L_{s y m} = D^{- 1 / 2} L D^{- 1 / 2} = I - D^{- 1 / 2} W D^{- 1 / 2}

(5)

L_{r w} = D^{- 1} L = I - D^{- 1} W

(6)

The spectrum is a sorted list of

L, L_{s y m} or L_{r w}

matrix’s eigenvectors. The eigenvectors illustrate a data point and an eigenvalue of an

L, L_{s y m}, or L_{r w}

matrix. These eigenvectors are used as a feature by SC.

Finally, the clustering algorithm is applied.

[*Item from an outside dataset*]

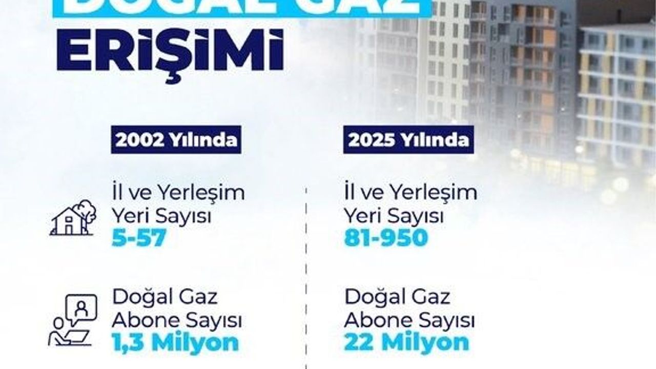 Bakan Bayraktar, doğal gazda Türkiye genelinde konut abone sayısının 1 milyon arttığını belirterek, "2002 yılında sadece 5 ilde ve 57 yerleşim yerinde olan doğal gazı, inşa ettiğimiz 243 bin kilometrelik iletim ve dağıtım şebekemizle 81 il, 950 yerleşim yeri ve 229 OSB’ye ulaştırdık. 2002’de 1,3 milyon olan doğal gaz abone sayısı, bugün itibari ile 22 milyona yükseldi. Sadece 2025 yılında 15 bin 600 kilometre doğal gaz dağıtım ve iletim hattı inşa ettik. Böylece, son bir yılda 51 yerleşim yerine doğal gaz arzı sağladık ve Türkiye genelinde konut abone sayısı da yaklaşık 1 milyon arttı. Doğal gaz ulaştırılan yerleşim yeri sayısını 2025 sonunda 973’e çıkaracağız. Gerçekleştirdiğimiz doğal gaz dönüşümü sayesinde yıllık 34 milyon ton karbon emisyonunu engelliyoruz. Ayrıca, kükürt kaynaklı kirlilik oluşumunu da önlüyoruz. Türkiye’de halihazırda 4 milyon hane, yerli doğal gazımızı kullanıyor. 2028’de bunu 4 katına çıkararak 16 milyon hanenin yerli doğal gazımızı kullanmasını sağlayacağız" ifadelerini kullandı.

In this paper a k-means is utilized, but the clustering can be done by any clustering algorithm.

4.3. Experiment Settings and Configuration

In this study, a following experiments were performed.

IFPUG (EX1).
Stepwise regression (EX2).
Stepwise regression and spectral clustering (EX3).
Stepwise regression and spectral clustering + categorical variables (EX4).

4.3.1. EX1—IFPUG Base Model

Experiment EX1 represents a base model, which is used for comparison.

The estimation of effort is calculated by using the EI, EO, EQ, ILF, and EIF, which are used for the AFP (as available in the dataset).

The DEE is performed by using a PDR value, which comes as a mean on each IS group, as can be found in the dataset. More information regarding the PDR value and its elicitation based on IS can be found [24].

The DEE and NWE were later used for the estimation error (EE) calculation.

The following points summarize an EX1 process:

Create training and testing sets by using 10-fold cross validation.
Estimate the software size using the IFPUG (AFP) for each testing fold.
Multiply the AFP by the industry sector-based PDR.
Compute the EE for projects in the testing folds.
Compute evaluation criteria—10-fold mean value.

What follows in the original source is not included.